Helaian nafas kelegaan pun kini terdengar jelas di ruang makan itu, saat Adrian telah menaiki anak tangga untuk mengambil tas kerjanya.
"Maafkan Alina kak, aku belum bisa cerita masalahku." Batin Alina.
Sesampainya dikampus setelah Alina diturunkan tepat di depan halaman kampus, Alina langsung ditarik oleh nova, temannya.
"Alina Lo tau gak dari kemaren gue cemasin Lo."
"Mhh.."
"Lo marah ya sama gue? Maaf ya kemaren gue gak bisa bawa Lo ke rumah karena orang tua gue lagi ada di rumah."
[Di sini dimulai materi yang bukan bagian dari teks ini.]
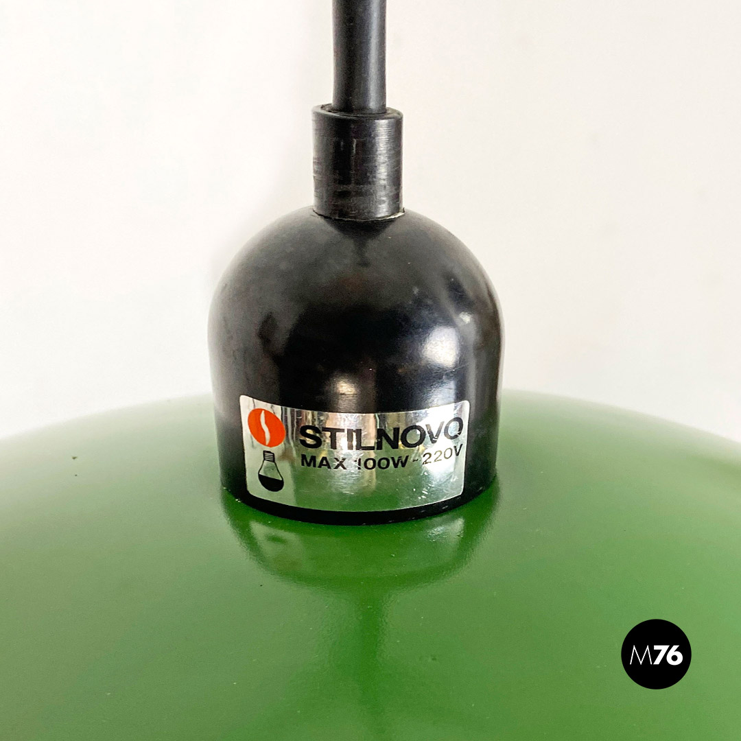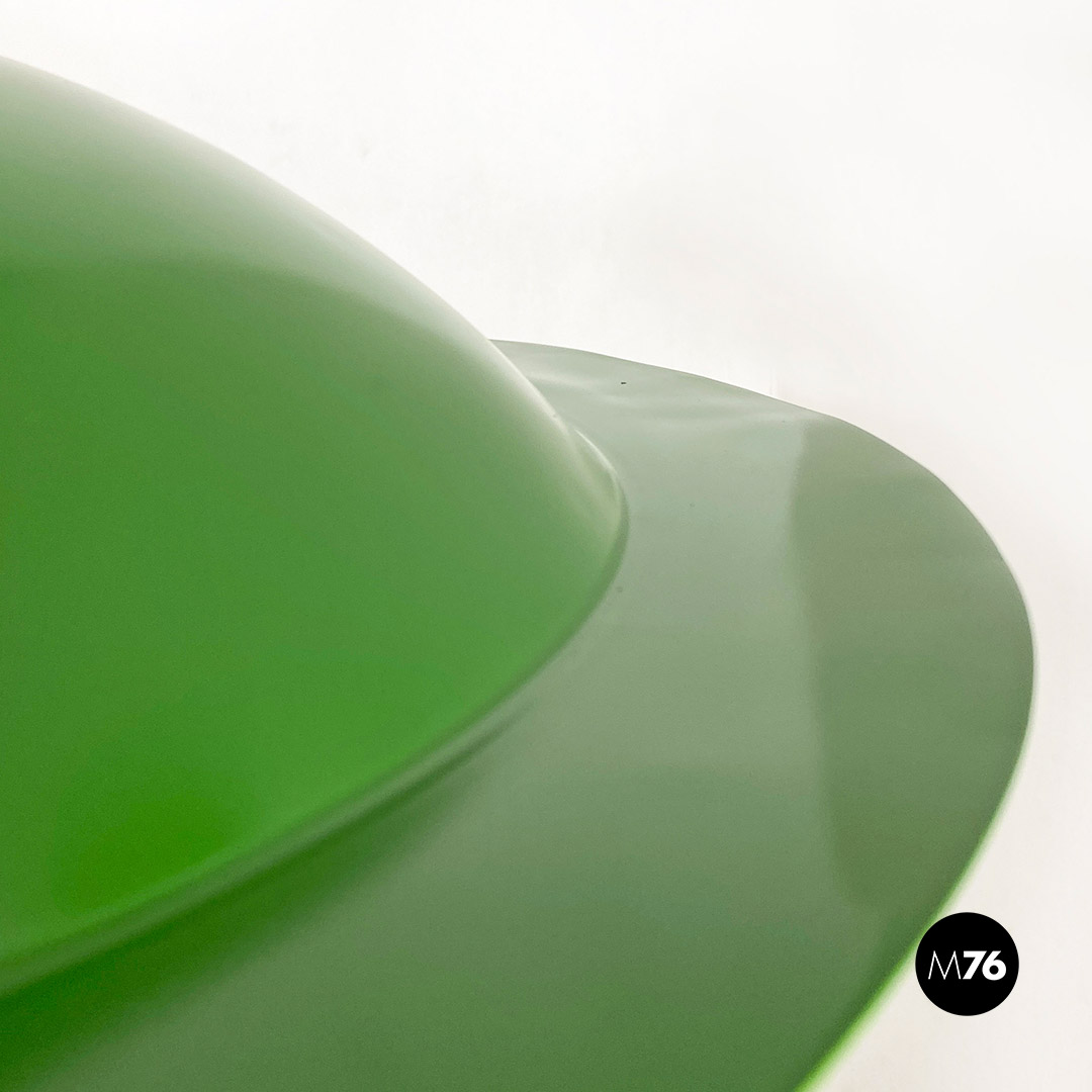 Lampadario modello Lampiatta tondo con struttura in metallo verde all’esterno e verniciato a nuovo in bianco all’interno.

Dan lagi Alina tidak menjawab, ia memilih berjalan cepat untuk menuju ke kelasnya, Nora yang tidak paham kemarahan temannya itu terpaksa mengejar Alina, mengikutinya.
"Gara-gara kamu, aku sudah tidak suci lagi." Ungkap Alina yang kini ia tidak bisa menahan air matanya.
"Tidak suci? Apa maksud ucapanmu?" Tanya Nara yang masih belum paham.
Alina duduk terpaku di sudut ruangan, tubuhnya gemetar seakan ingin menghilang. Nova, temannya yang selama ini menjadi tempat curhatnya, berjongkok di hadapannya dengan mata berkaca-kaca. Dengan suara parau, Alina mulai menceritakan pengalaman mengerikannya.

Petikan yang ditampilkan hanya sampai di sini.